I know that’s one extra click. That’s the point.


The Technical Setup for Anyone Who Wants to Replicate This

There are a few stumbling blocks. I’ll skip the friendly tone:

Google Docs:

  1. Google Cloud Console → new project → OAuth2 Desktop App → download credentials.json
  2. npm install googleapis
  3. Run node scripts/gdoc-read.js once → browser auth → token.json gets saved
  4. Never touch again

Images:

  1. Get Gemini API key from aistudio.google.com
  2. Add to .env as GEMINI_API_KEY
  3. Before the pipeline: export $(grep -v "^#" .env | xargs)
  4. Enable billing in the Google Cloud project — Imagen 4 is not free. I learned that after the first error.

LinkedIn:

  1. LinkedIn Developer Portal → create app → request the “Share on LinkedIn” product (sometimes takes a day)
  2. Client ID + Secret in scripts/linkedin-credentials.json
  3. Run node scripts/linkedin-auth.js once → token lands in linkedin-token.json
  4. Save token as GitHub Secret LINKEDIN_ACCESS_TOKEN
  5. Add LinkedIn Person URN as LINKEDIN_PERSON_URN

That’s it. One afternoon. Once.


The Meta-Funny Part

This article was written with exactly the pipeline it describes.

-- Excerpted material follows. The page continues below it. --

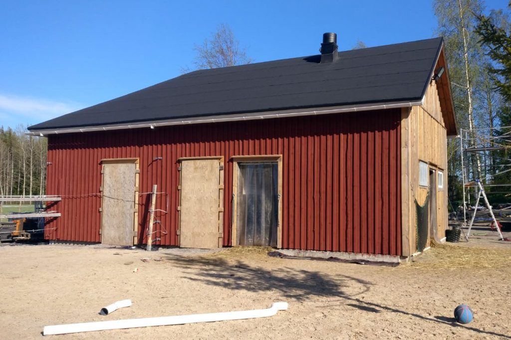 Kolmantena kesänä oli vihdoin remonttimme edennyt siihen pisteeseen, että oli aika maalata ulkoseiniä. No: oikeastaan maalaukseen olisi ollut mahdollisuus jo aiemminkin, mutta viime kesä keskityttiin maansiirtotöihin ja missään välissä ei ollut oikein sopivaa hetkeä. Sitten tulikin jo syksy sateineen. Ehkä ihan hyvä, että tallin laudat ehtivät kuivua pystyssä ja hakeutua omiin muotoihinsa, näin maali ei ala repsottaa saumoista niin pahasti puun eläessä.

I typed the raw text in Google Docs. Then called /publish-article. A Writer subagent wrote the article. A Style Reviewer read it and flagged specific passages. The Writer revised. A Translator built the English version. An Image Ideator developed concepts, an Image Critic evaluated them, Imagen 4 generated the image.

And then a LinkedIn Copywriter subagent wrote a hook that’s now being read somewhere in my network. Someone is reading a text about an article about a pipeline that wrote this article, along with the LinkedIn post about it. I wrote the raw text. The pipeline handled the rest. That’s enough.

An assembly line inside a computer chip where a Google Doc enters on one side and a finished blog post exits on the other, with small robot agents performing each step


What I Don’t Know

Whether this actually saves time, I honestly can’t say. The setup took an afternoon. The first pipeline version had bugs. The Image Critic was too strict. The Style Reviewer was too lenient. Three iterations until it worked.

But: the next article costs me one command. Write raw text, run /publish-article, get coffee. When I come back, the Markdown file is done, the image is in the repo, the LinkedIn draft is waiting for my click.

That pays off. Not in minutes. In sanity.


Conclusion

I built a system that writes articles. This article. That’s either very clever or a little bit schizophrenic. Probably both.

What I learned along the way: the interesting challenge wasn’t the code. The scripts are trivial. The interesting challenge was the architecture of the instructions. How small does a task need to be for a language model to handle it reliably? Smaller than I thought. Much smaller.

One agent, one task. That’s the principle. The rest is plumbing.